● MATERIAL PROVIDED
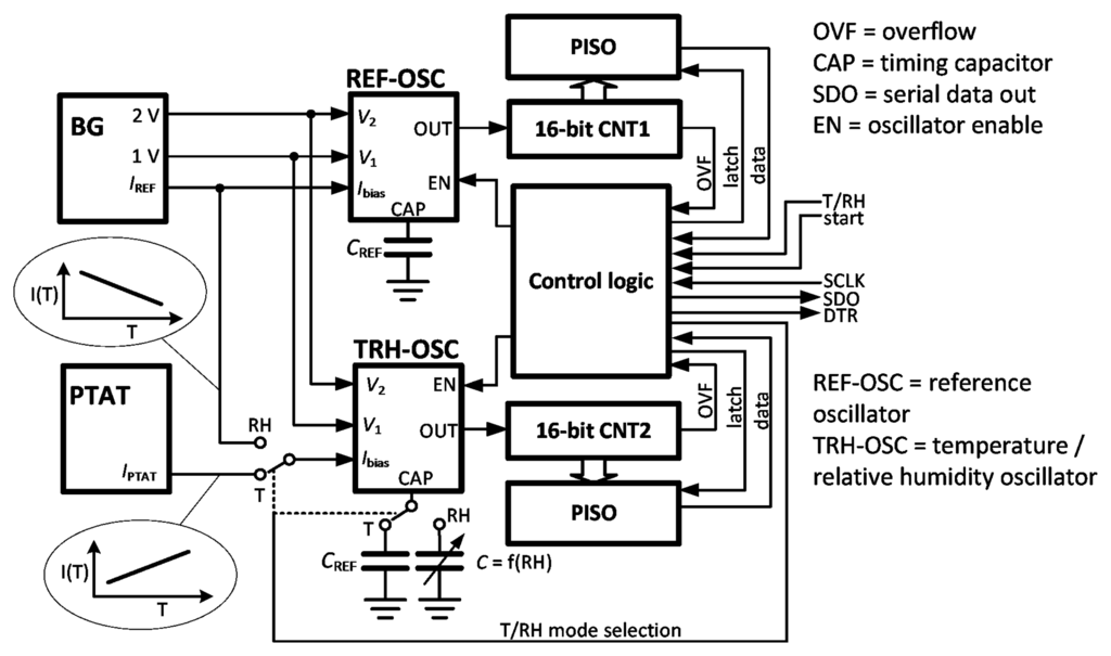 Figure 1 shows the architecture of the combined temperature and humidity sensor. The readout is based on the ratiometric frequency measurement of two relaxation oscillators. Two modes of operation are selectable by the T/RH control signal, either the temperature mode (TMOD) or the relative humidity mode (RHMOD). The operation of the reference oscillator (REF-OSC) is the same in both modes. A bandgap circuit (BG) generates temperature-independent voltage levels of 1 V and 2 V, which are used to set the thresholds of the window comparators in the oscillator. REF-OSC is always connected to the same reference capacitor (CREF) and supplied by bias current IREF, biasing its internal current source/sink. This current is generated in BG and has a negative temperature coefficient; therefore, the frequency of REF-OSC decreases with an increase in temperature.
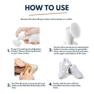 - How to Use – To use sport shoes cleaning kit effectively, Remove the dust off your shoes with a duster or a cloth. Pump 2-3 small Sneaker Cleaner Foaming Solution squirts on your shoe surface. Use the silicon bristle brush on the overhead of the bottle in circular motions to remove the dirt and stains and clean the shoe. Finally, dab the shoe with the microfiber towel to reveal clean shoes.
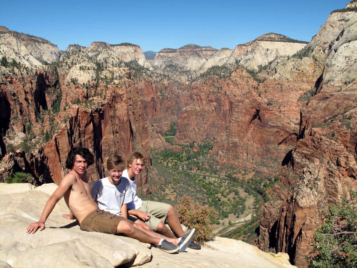 I met a gentlemen at the top of Angels Landing who asked where we were from. California I said. He said that he was from Salt Lake City, only four hours up the road. He was feeling pretty good and it would have been rude to tell him that with the hour drive to St. George and the two hour flight home, we were as close as he was. So I just let it go.
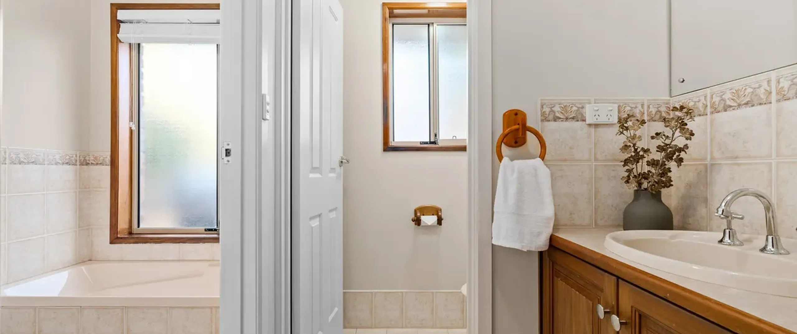 - Three-way main bathroom with separate bath and shower + separate toilet
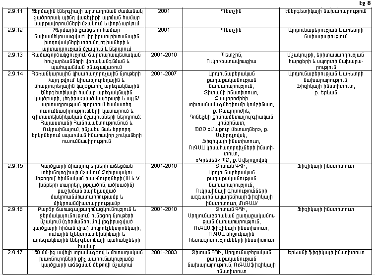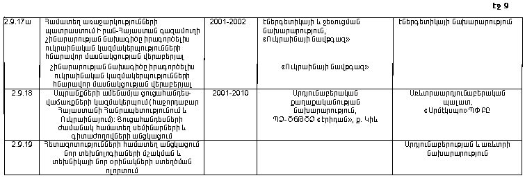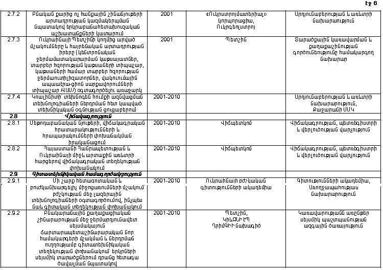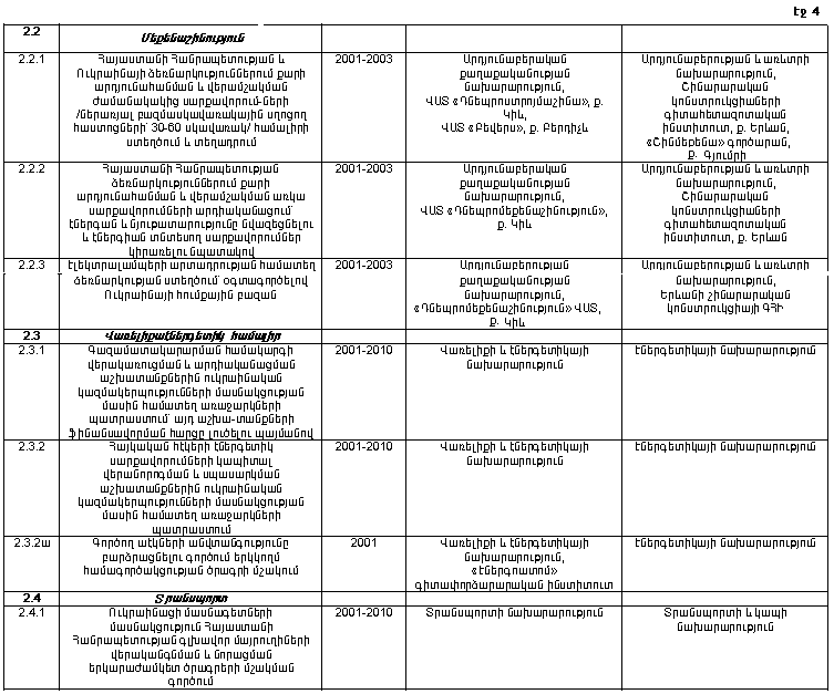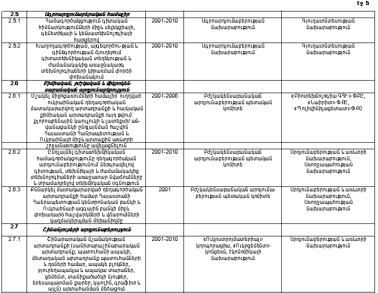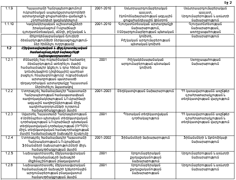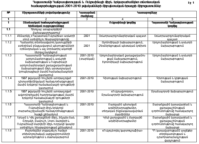 Հայաստանի Հանրապետության և Ուկրաինայի միջև երկարաժամկետ տնտեսական համագործակցության 2001-2010 թվականների միջպետական ծրագրի միջոցառումներ |

● WHAT TO PRODUCE
In the entries above, find the line containing "- How to Use". Transcribe it and every later line to the end, exactly, and leave out the pictures.

● YOUR RESPONSE
 - How to Use – To use sport shoes cleaning kit effectively, Remove the dust off your shoes with a duster or a cloth. Pump 2-3 small Sneaker Cleaner Foaming Solution squirts on your shoe surface. Use the silicon bristle brush on the overhead of the bottle in circular motions to remove the dirt and stains and clean the shoe. Finally, dab the shoe with the microfiber towel to reveal clean shoes.
 I met a gentlemen at the top of Angels Landing who asked where we were from. California I said. He said that he was from Salt Lake City, only four hours up the road. He was feeling pretty good and it would have been rude to tell him that with the hour drive to St. George and the two hour flight home, we were as close as he was. So I just let it go.
 - Three-way main bathroom with separate bath and shower + separate toilet
 Հայաստանի Հանրապետության և Ուկրաինայի միջև երկարաժամկետ տնտեսական համագործակցության 2001-2010 թվականների միջպետական ծրագրի միջոցառումներ |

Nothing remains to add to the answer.